Horror Suspense YA Young Adult

The Taking of Jake Livingston by Ryan Douglass Review

A riveting social thriller and phenomenal ghost story and one heck of a debut!

Jake sees dead people — ghosts and wraiths and everything in between. Not that anyone believes ghouls follow him when he’s extra sad or that he can kind of sort of astral project. The onslaught of death and dead people is a lot for anyone to deal with when Jake just wants to blend in. Instead, his abilities make it nearly impossible for Jake to stay in the present — forget having the headspace to figure things out about himself. One of those things that need figuring out: Jake is a closeted gay teen. But being the only Black student in his grade at St. Clair is terrible enough with racism coming at him from students and teachers alike. There’s no way he’s expanding his target mark by adding gay.

“White boys can be gay because gay is all they are. Allister and I … we’re Black and gay, and being both would put targets on our heads.”

Ryan Douglass

And then Sawyer Doon hits the scene — a ghost more corporeal than any Jake’s encountered. More accurately, Sawyer is the ghost of a dead school shooter who’s returned to continue killing and take possession of Jake’s body.

At its core, The Taking of Jake Livingston is a riveting social thriller and a phenomenal ghost story. You’ve got a lot — a lot !— of scary stuff that goes down, including the attempted possession of Jake’s body and a host of gruesome murders. While the novel’s central themes of racism, racial micro aggression, bullying, and homophobia give voice to an underrepresented reality.
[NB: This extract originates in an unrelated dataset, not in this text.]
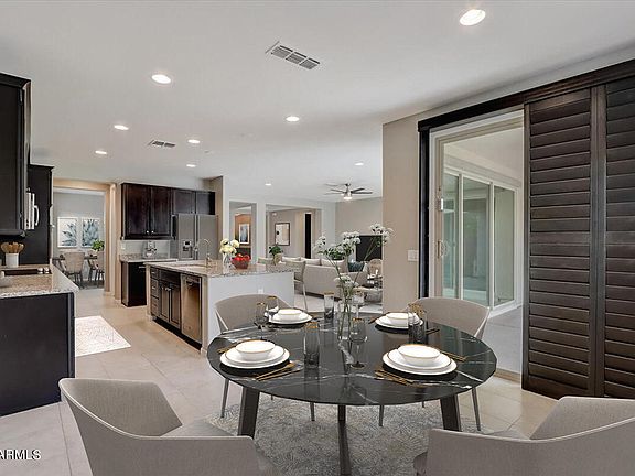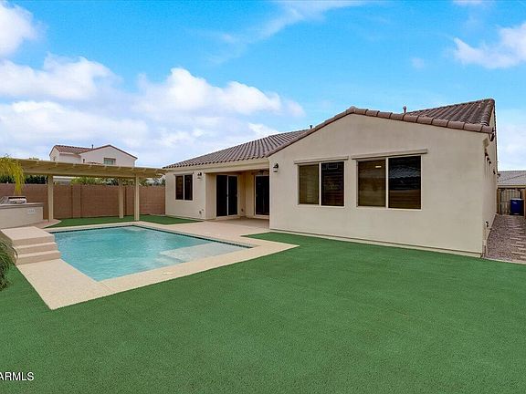 Welcome to this nearly new 4 bed, 2.5 bath, 3 car garage home in the fabulous community of Eastmark. This split floor plan is carpet free with tastefully designed plank tile throughout. Cleaning just became simpler! Large primary bedroom has luxurious en- suite bath with dual sinks separated by gigantic walk-in shower and huge walk-in closet. Kitchen features naturally stained cabinets, granite countertops, pantry, and new stainless-steel appliances with cook top range! The kitchen overlooks the spacious family room. Summer days will be enjoyed in the sparkling pool of this low maintenance backyard with artificial turf and built in bbq under the attractive pergola. You will enjoy the great location close to highly rated schools, shopping, and dining. Eastmark is growing into a community of its own! If Buyer uses the Seller's Preferred Lender for financing, Seller may contribute up to 2.5% of the Purchase price to buy down rate by 2% for the first year, 1% for the 2nd year.

The combination leads to a dynamic blend of action that will have you flying through the pages with your heart in your throat.

Jake and Sawyer are characters who’ve had to become edited versions of themselves to fall in line with society’s expectations of masculinity. Jake becomes quiet and withdrawn. Sawyer turns to violence. We root for Jake and are shaken by Sawyer’s actions. Douglass weaves his story threads with expert ease, including a slow-burn romance, and creates some real story magic here — a ghost story that draws you in and makes you think.

Trigger warnings: suicide, attempted sexual assault, homophobia, racism, animal cruelty, physical abuse, school shooting.

Book: The Taking of Jake Livingston
Published: Putnam
Pages: 308
Publication Date: July 13th, 2021
Age Range: 13 – 18
Stars: 4.5/5

Penguin Teen kindly sent me a free eARC of this book in exchange for an honest review. This does not affect my opinion, rating, or the content of my review.